Virtanen R, MacDonald E, Kaisila M
Acta Pharmacol Toxicol (Copenh). 1986 May;58(5):348-54. doi: 10.1111/j.1600-0773.1986.tb00120.x.
The effect of detomidine, a novel veterinary sedative/analgesic, on the release and turnover of noradrenaline in rat brain was studied using both in vitro and in vivo techniques. Xylazine was included in the studies for comparison. Rat occipital cortex slices were preloaded with 3H-noradrenaline and the potassium-evoked release of tritium was measured using a superfusion system. Both detomidine and xylazine produced concentration dependent inhibition of stimulation evoked tritium release. A maximal inhibition of 66 and 50% was achieved at detomidine and xylazine concentrations of 1 X 10(-7) and 1 X 10(-6) M, respectively. The dose-response curve of detomidine was shifted to the right in a parallel manner by the selective alpha 2-antagonist idazoxan. Detomidine, while not altering the endogenous levels of noradrenaline, dopamine and 5-hydroxytryptamine, induced a dose-dependent inhibition of noradrenaline turnover as measured by the alpha-methyl-p-tyrosine method. Moreover, detomidine decreased the concentration of MHPG-SO4, the principal metabolite of central noradrenaline, in rat brain. Xylazine was in these tests at least two orders of magnitude less potent than detomidine.
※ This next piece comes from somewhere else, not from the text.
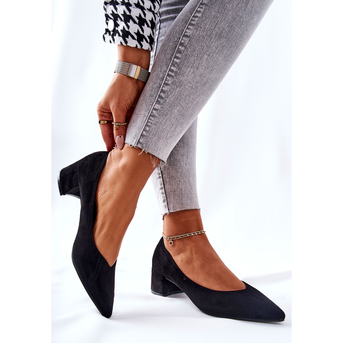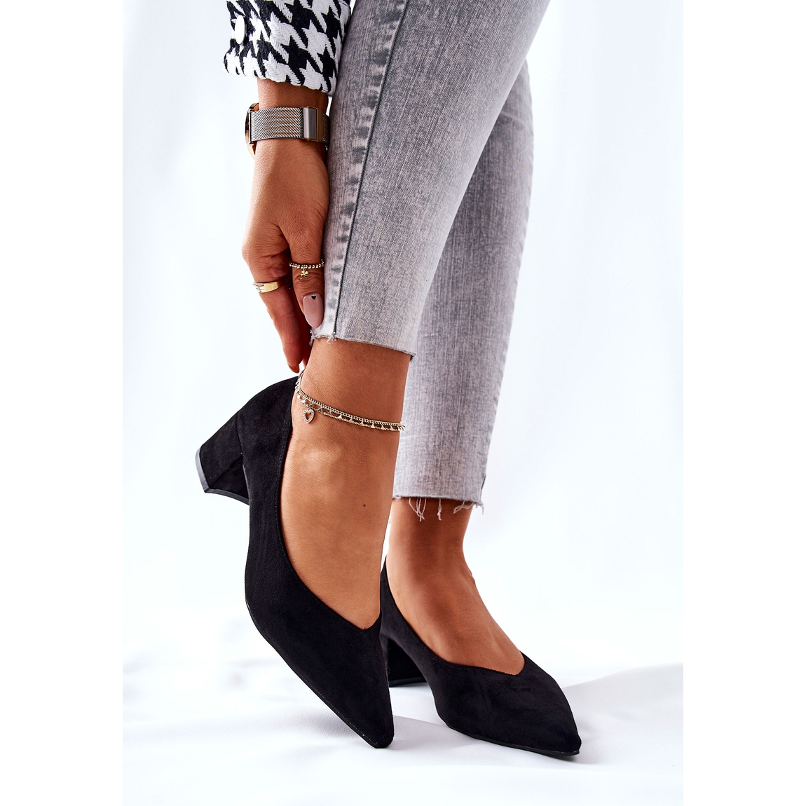 Představujeme elegantní lodičky PG1 na vysokém podpatku, které se stanou nepostradatelným prvkem vašeho šatníku. Tyto klasické boty vyrobené z vysoce kvalitní semišové ekokůže kombinují pohodlí a styl. Jejich špičaté špičky dodávají eleganci a široký podpatek zajišťuje stabilitu, takže jsou ideální jak pro každodenní nošení, tak pro zvláštní příležitosti.

采用体外和体内技术,研究了新型兽用镇静/镇痛药地托咪定对大鼠脑内去甲肾上腺素释放和周转的影响。研究中纳入赛拉嗪作为对照。用3H-去甲肾上腺素预加载大鼠枕叶皮质切片,并使用灌流系统测量钾诱发的氚释放。地托咪定和赛拉嗪均产生浓度依赖性的刺激诱发氚释放抑制作用。地托咪定和赛拉嗪浓度分别为1×10(-7)和1×10(-6)M时,最大抑制率分别为66%和50%。选择性α2拮抗剂咪唑克生使地托咪定的剂量-反应曲线平行右移。地托咪定虽然不改变去甲肾上腺素、多巴胺和5-羟色胺的内源性水平,但通过α-甲基-p-酪氨酸法测量,它可诱导剂量依赖性的去甲肾上腺素周转抑制。此外,地托咪定降低了大鼠脑中去甲肾上腺素的主要代谢产物MHPG-SO4的浓度。在这些试验中,赛拉嗪的效力比地托咪定至少低两个数量级。